Сценарий snakemake имеет доступ к stdin / stdout для обработки потока
Для рабочего процесса Snakemake мне нужно манипулировать тегами во многих файлах BAM, и я хотел бы обработать их, передав их через скрипт ( используя директиву Snakemake script:). Конкретный способ, которым я делаю это, с обработкой потока pysam.

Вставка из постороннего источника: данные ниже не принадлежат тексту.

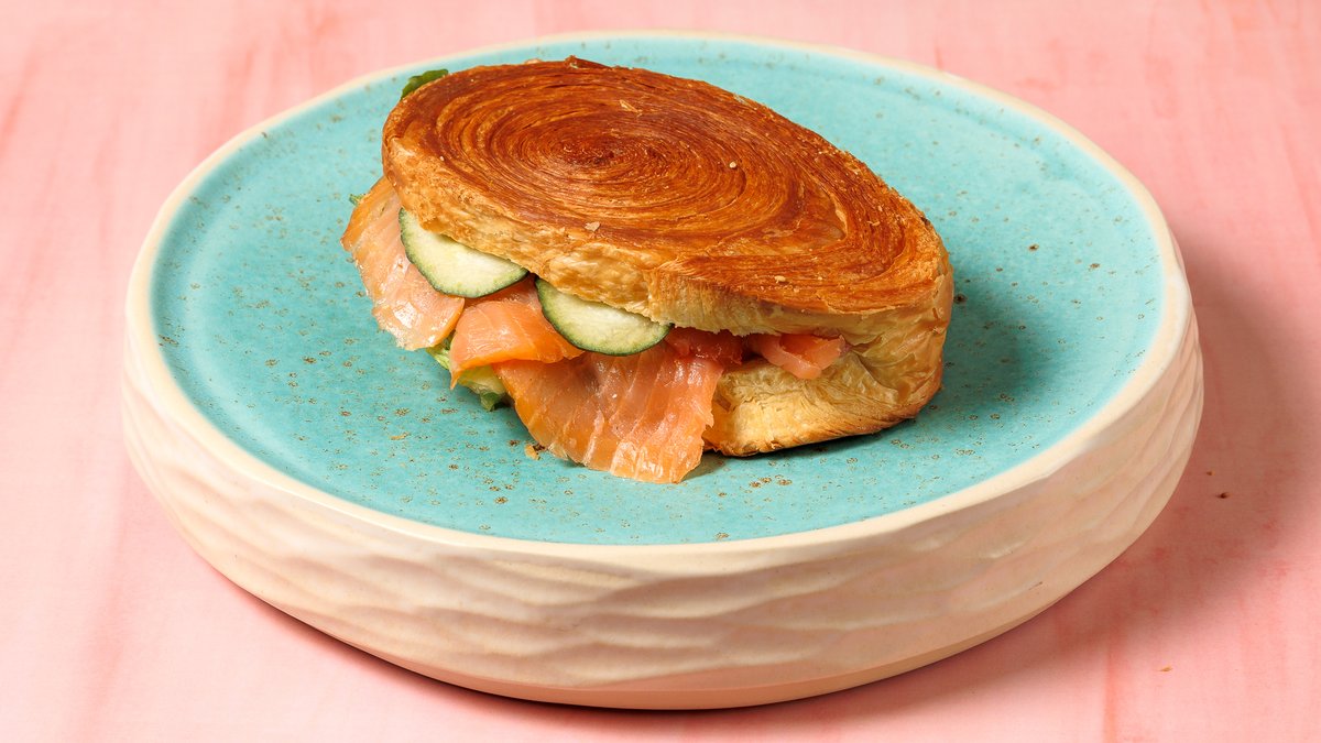 Κρουασάν αυγόφετα, λουτζα, κρέμα 3 λευκών τυριών, μαρούλι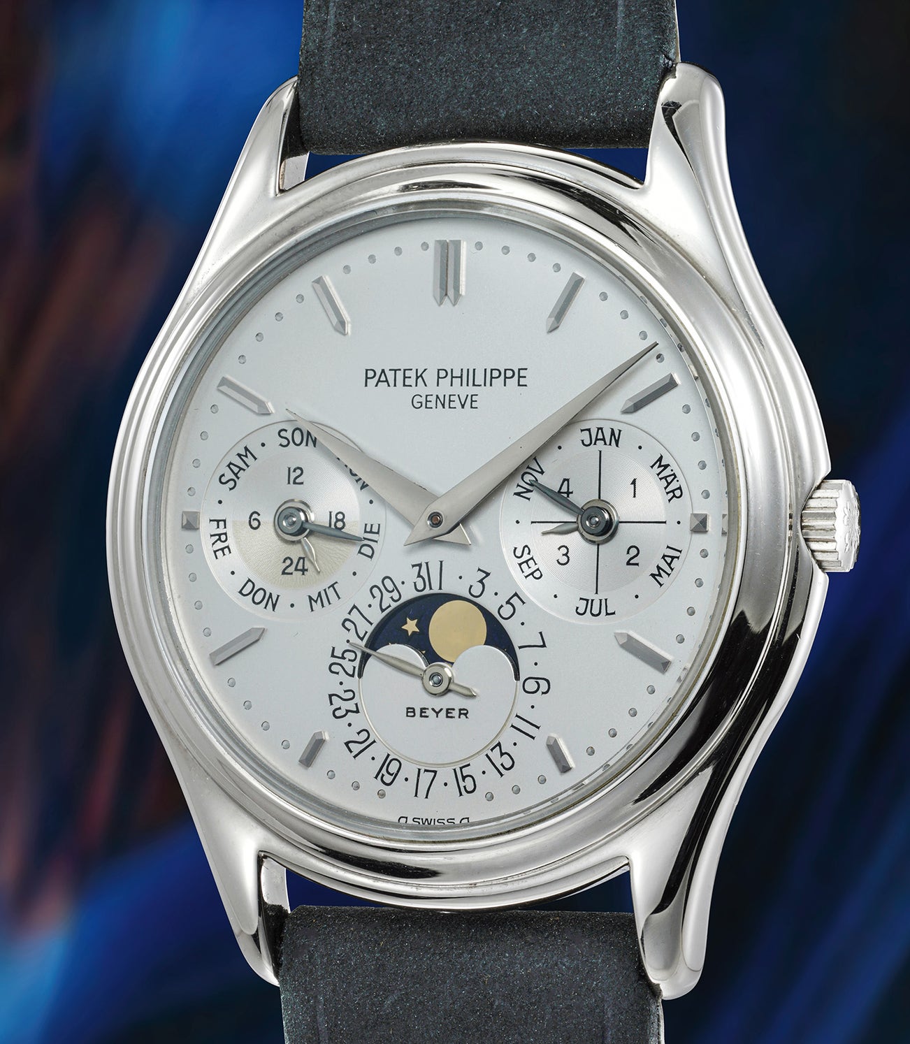 Reference 3940 and 3941 distinguished themselves mainly through one unique difference, that being the caseback. Reference 3940 features a solid case back whereas reference 3941 is fitted with a glazed display back, like the present example. Interestingly, these caseback are un-numbered, hence Patek Philippe applying the numbers inside the case underneath the bezel. With an increasing demand for both casebacks, Patek Philippe later produced the model with both case back options subsequently ceasing production of the reference 3941 in in 1990 as there was no longer a difference between the two models. The short production run definitely contributed to the existence of only very few examples, with research suggesting that only 35 models of this reference are known to date.

infile = pysam.AlignmentFile("-", "rb")
outfile = pysam.AlignmentFile("-", "wb", template=infile)
for s in infile:
(flowcell, lane) = s.query_name.split(':')[0:2]

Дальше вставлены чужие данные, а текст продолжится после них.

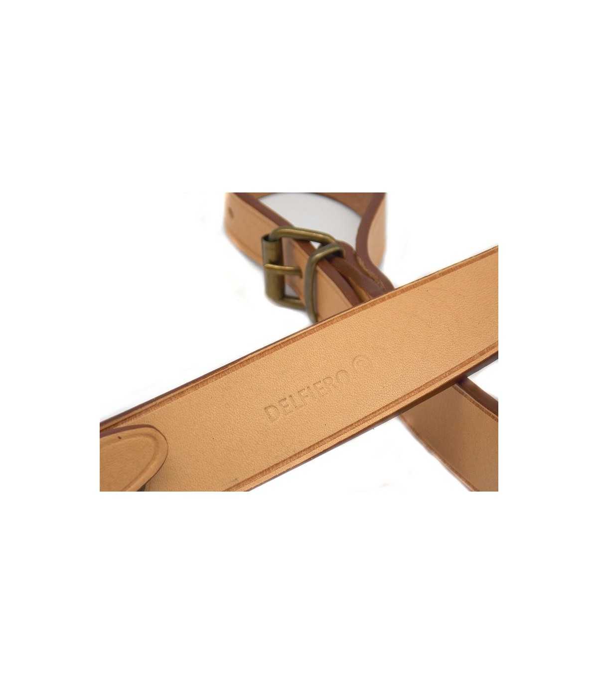 Bretella in vacchetta naturale conciata al vegetale,molata lateralmente per un maggior comfort, la particolare lavorazione di questa pelle utilizzata in questa bretella permette alla stessa di mantenersi senza cedere od allungarsi nel tempo

rg_id = ".".join([flowcell, lane])
s.set_tag('RG',rg_id,'Z')
outfile.write(s)
Этот скрипт хорошо работает в автономном режиме, но я не смог понять, как его интегрировать с помощью snakemake script
директивы. Я предпочитаю этот способ минимизировать использование ввода-вывода и оперативной памяти.
Редактировать: прибегают к прямой загрузке, чтобы исправить тег RG.
# parameters passed from snakemake
bam_file = snakemake.input[0]
fixed_bam_file = snakemake.output[0]
bamfile = pysam.AlignmentFile(bam_file, "rb")
fixed_bamfile = pysam.AlignmentFile(fixed_bam_file, "wb", template = bamfile)
for i, read in enumerate(bamfile.fetch()):
(flowcell, lane) = read.query_name.split(':')[0:2]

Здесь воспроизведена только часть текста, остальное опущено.